Many of my friends and family will not believe me when I say this, but frankly I'm completely and utterly tired of gadgets. This world has gone completely insane. The Consumer Electronics Show is currently happening in Vegas, showcasing this year's future landfill fodder in all its glory. Last year the largest flat-screen TV one could buy was 103 inches. This year the ante has been upped to 108. Samsung has just released a gadget called USBTV that allows you to plug it into your computer, copy a show onto it, then walk across the room and plug it into your 108" TV so you can watch it.
Okay, let's think about this for a second. You spend, I don't know, let's say 20 minutes downloading an episode of Scrubs (I'm including not only download time, but messing-around-with the computer time, blogging time, etc). You then spend another ten minutes digging out your USB doohickey and copying the show onto it. Then, you walk over to your TV, plug it in, and do it all again in reverse. Ever think that perhaps maybe computers haven't made our lives so efficient after all?
Okay, yes, I am the pot calling the kettle black. I love my iPod. I have a laptop. a TiVo. A Blackberry. and yes, a flat-screen hanging on the wall. But what I don't have is a desire to buy a gadget only to find out another gadget's been invented that's slightly better than the last gadget, making the one I have now horribly outdated and embarrasing to be seen with.
Now Bill Gates is telling us we all need servers in our house. Why? So that we can offer up our own "content" to all our various computers in the house. Oh, and so that we don't have to use that USBTV thing and can instead grab a show from the server on any TV that's networked. The hell with that, my kids are getting bikes.
I remember when Ma Bell gave up renting home phones, and offered them up for sale. I believe my parents even bought one. It was a rotary. They still have it. It still works. My dad has a Rockwell radial arms saw in his workshop that's older than I am, and at that age it's still far more accurate than my 2-year-old Delta table saw. Heck, just last week I took my $40 Craftsman cordless drill to Sears in hopes of getting a replacement battery, where I was told a new battery would cost me $53. Yes, you read that right.

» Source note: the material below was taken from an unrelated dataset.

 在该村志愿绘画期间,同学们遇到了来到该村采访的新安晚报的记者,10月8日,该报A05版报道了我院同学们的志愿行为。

With the renovation on our house came a ton of new, but relatively unusable, attic space. I think I'm going to rent out some of that space to permanently bury the old PCs, non-working televisions, dead cordless drills, palm pilots and Tivos so they don't make it to the landfill and pollute our streams. In fact I think I just stumbled on a new form of home insulation. yes folks, this house has an insulating factor of R-30 and because the walls are filled with Blackberrys!
Ironically, I don't think the heart of the problem lies with us, the consumer. We're not stupid. We're not going to buy crap we don't need just because it's there. Every gadget I ever bought, I bought for a good reason and to fulfill a need. Okay, so the plasma TV was a bit extravagant, but it's only a 37", making it about 450 lbs. lighter than an old fashioned CRT TV. and we needed a new TV anyway, as the old one (which lasted 14 years) was busted.

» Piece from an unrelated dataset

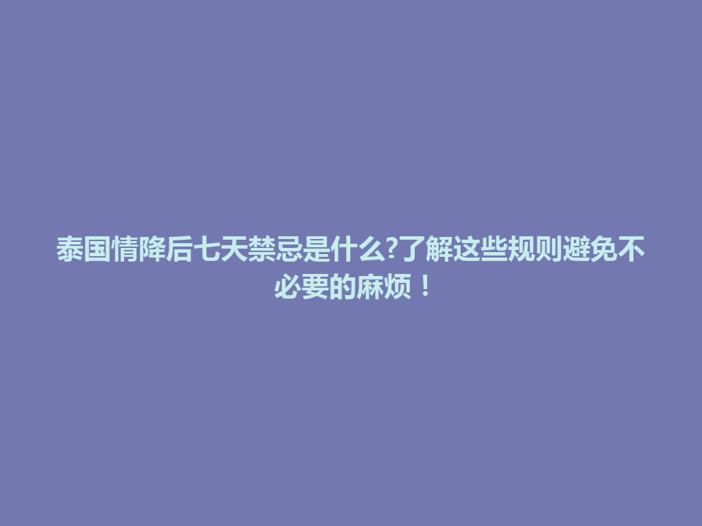 乌伊岭区泰国情降后七天禁忌是什么?了解这些规则避免不必要的麻烦!
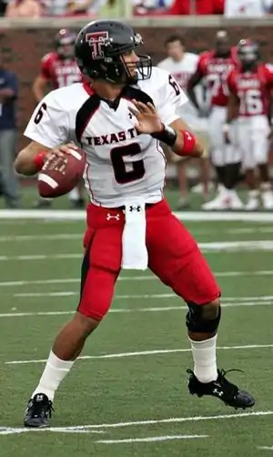 The Texas Tech Red Raiders football statistical leaders are individual statistical leaders of the Texas Tech Red Raiders football program in various categories,[1] including passing, rushing, receiving, total offense, defensive stats, and kicking. Within those areas, the lists identify single-game, single-season and career leaders. The Red Raiders represent Texas Tech University in the NCAA's Big 12 Conference.

The problem lies with the manufacturers. They've somehow made the manufacturing process so easy, so efficient, and so mundane, that they think nothing of completely changing a gadget every couple of months to offer a new hot thing, throwing it up on the proverbial wall in hopes that it will stick.
Oh dead lord, I'm ranting. We'll, tomorrow's speech by Steve jobs at MacWorld will surely set me straight. Can't wait for that new iTV to come out.